Information supplied:
▼

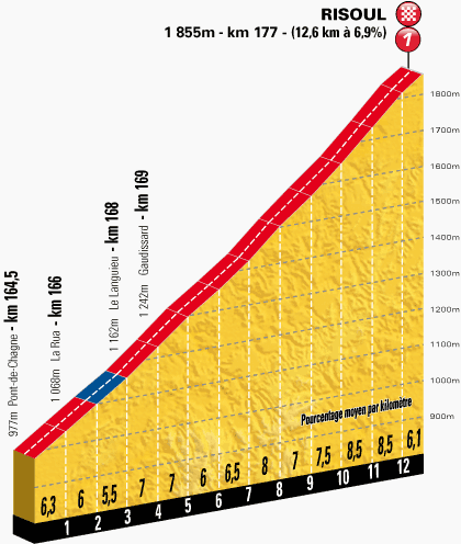 • Km 177.0 – Montée de Risoul (1 855 m)12.6 km al 6.9% – 1°cat
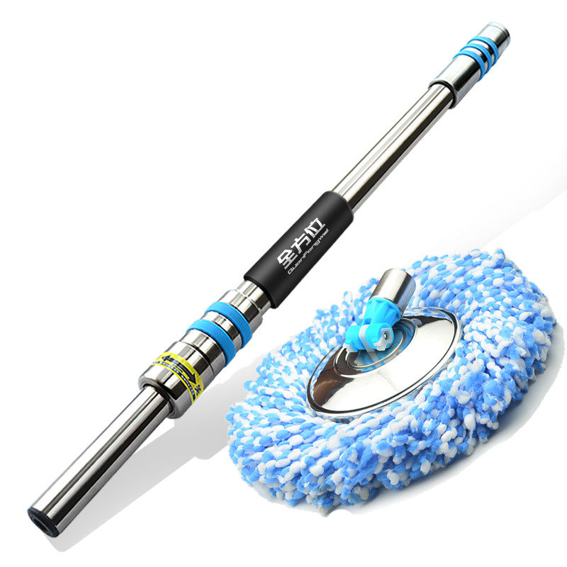 不锈钢加厚旋转拖把杆通用一体手压式拖布杆拖把头墩布头替换配件
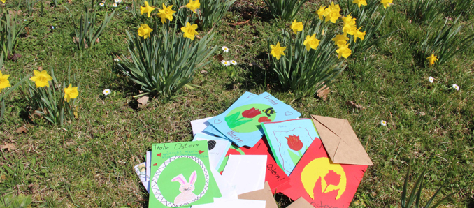 Bunt, gebastelt, gemalt, handgeschrieben – dutzende Ostergrüße haben den Caritasverband für die Diözese Fulda in den vergangenen Tagen erreicht. Die Caritas im Bistum Fulda hatte dazu aufgerufen, zum Osterfest Briefe an Seniorinnen und Senioren in den Altenpflegeheimen zu schreiben. Unter dem Stichwort „Briefe gegen Einsamkeit“ kamen viele kreative und liebevoll geschriebene Einsendungen zusammen, die nun pünktlich zu den Feiertagen an die Einrichtungen der Caritas versendet werden und den Bewohnerinnen und Bewohnern ein Lächeln auf die Lippen zaubern dürften.
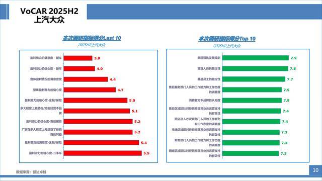 具體指標分析,新車盈利的滿意度和信心度得分最低,盈利能力模塊指標在“本次調(diào)研指標得分Last10”中占了八席。與之相反,經(jīng)銷商人員管理、廠家人員的工作能力及支持獲得了經(jīng)銷商較高的認可。

▲

Exercise details: The range to transcribe runs from the line holding "Bunt, gebastelt, gemalt, handgeschrieben" through the final line of the data above; copy it exactly and exclude the pictures.

Answer box:
 Bunt, gebastelt, gemalt, handgeschrieben – dutzende Ostergrüße haben den Caritasverband für die Diözese Fulda in den vergangenen Tagen erreicht. Die Caritas im Bistum Fulda hatte dazu aufgerufen, zum Osterfest Briefe an Seniorinnen und Senioren in den Altenpflegeheimen zu schreiben. Unter dem Stichwort „Briefe gegen Einsamkeit“ kamen viele kreative und liebevoll geschriebene Einsendungen zusammen, die nun pünktlich zu den Feiertagen an die Einrichtungen der Caritas versendet werden und den Bewohnerinnen und Bewohnern ein Lächeln auf die Lippen zaubern dürften.
 具體指標分析,新車盈利的滿意度和信心度得分最低,盈利能力模塊指標在“本次調(diào)研指標得分Last10”中占了八席。與之相反,經(jīng)銷商人員管理、廠家人員的工作能力及支持獲得了經(jīng)銷商較高的認可。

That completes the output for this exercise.